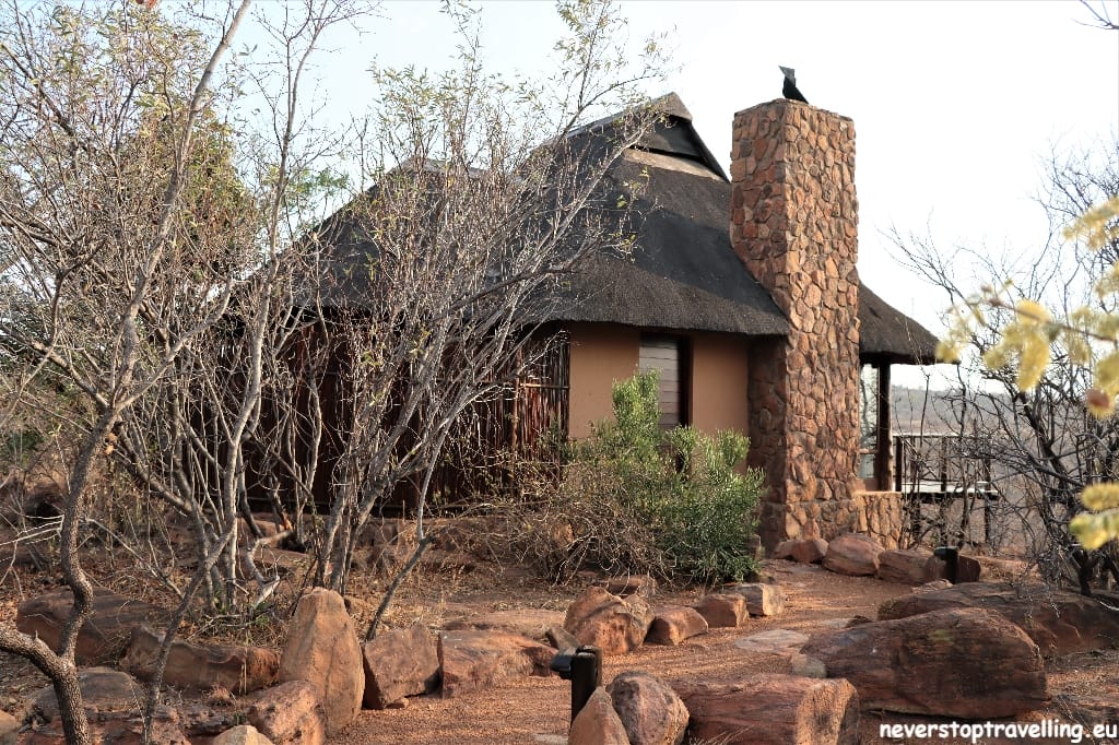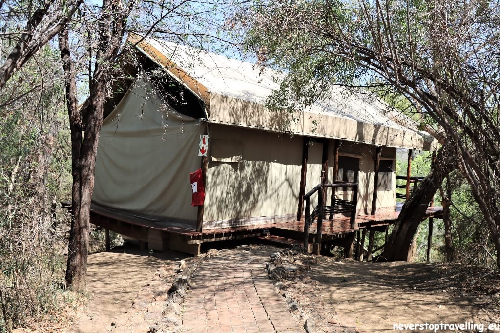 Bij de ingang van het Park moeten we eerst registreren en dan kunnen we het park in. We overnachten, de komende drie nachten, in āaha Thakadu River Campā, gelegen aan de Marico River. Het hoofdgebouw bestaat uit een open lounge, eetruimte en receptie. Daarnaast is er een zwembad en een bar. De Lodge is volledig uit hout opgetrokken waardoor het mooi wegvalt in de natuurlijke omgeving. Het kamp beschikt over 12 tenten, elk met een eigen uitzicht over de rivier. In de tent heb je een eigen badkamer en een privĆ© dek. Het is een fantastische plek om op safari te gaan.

==

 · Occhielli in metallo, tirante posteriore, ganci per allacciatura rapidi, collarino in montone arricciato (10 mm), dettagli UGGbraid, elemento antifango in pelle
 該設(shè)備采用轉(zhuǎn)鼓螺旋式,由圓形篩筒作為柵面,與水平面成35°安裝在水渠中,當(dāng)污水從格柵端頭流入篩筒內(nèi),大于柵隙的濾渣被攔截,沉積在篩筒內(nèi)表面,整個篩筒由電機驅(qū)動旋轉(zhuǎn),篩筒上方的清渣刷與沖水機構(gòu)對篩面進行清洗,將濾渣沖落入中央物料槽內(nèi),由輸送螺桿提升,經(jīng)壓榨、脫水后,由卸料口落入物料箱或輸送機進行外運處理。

* _INSTRUCTIONS FOR THE TASK_:
In the listing above, find the line with "antifango in pelle" and the line with "該設(shè)備采用轉(zh", then print exactly those lines and every line between them.

* _EXERCISE RESULT_:
 · Occhielli in metallo, tirante posteriore, ganci per allacciatura rapidi, collarino in montone arricciato (10 mm), dettagli UGGbraid, elemento antifango in pelle
 該設(shè)備采用轉(zhuǎn)鼓螺旋式,由圓形篩筒作為柵面,與水平面成35°安裝在水渠中,當(dāng)污水從格柵端頭流入篩筒內(nèi),大于柵隙的濾渣被攔截,沉積在篩筒內(nèi)表面,整個篩筒由電機驅(qū)動旋轉(zhuǎn),篩筒上方的清渣刷與沖水機構(gòu)對篩面進行清洗,將濾渣沖落入中央物料槽內(nèi),由輸送螺桿提升,經(jīng)壓榨、脫水后,由卸料口落入物料箱或輸送機進行外運處理。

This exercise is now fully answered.